• WORK REQUIRED
Reproduce the section of the listing that begins at the line containing "今年、喜寿(77歳)を迎えられたご利用者様のお祝いを行いました。" and finishes at the line containing "- Stretch upper". Include both end lines and nothing beyond them.

• SUPPLIED DATA
════════════════
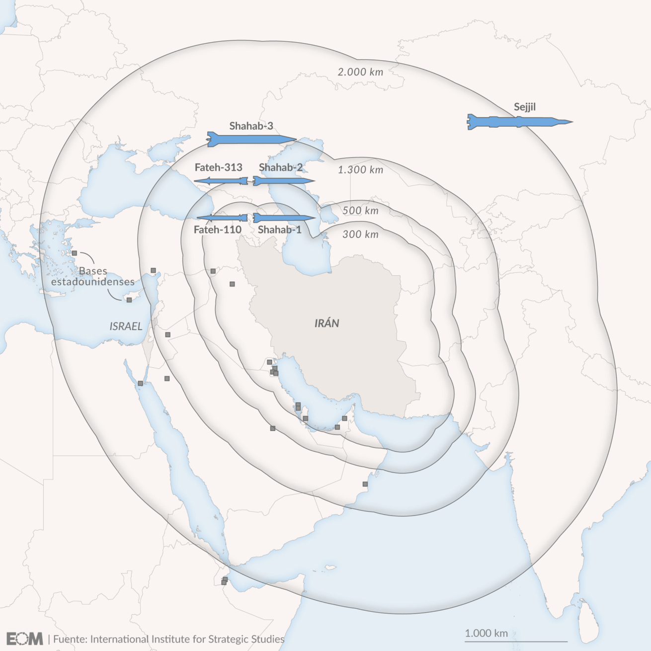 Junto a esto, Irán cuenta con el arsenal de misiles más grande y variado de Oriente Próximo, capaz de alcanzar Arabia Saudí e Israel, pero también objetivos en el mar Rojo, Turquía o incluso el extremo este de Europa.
════════════════
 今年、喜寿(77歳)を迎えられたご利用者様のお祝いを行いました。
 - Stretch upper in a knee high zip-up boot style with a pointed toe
════════════════
• THE COMPLETED TASK
 今年、喜寿(77歳)を迎えられたご利用者様のお祝いを行いました。
 - Stretch upper in a knee high zip-up boot style with a pointed toe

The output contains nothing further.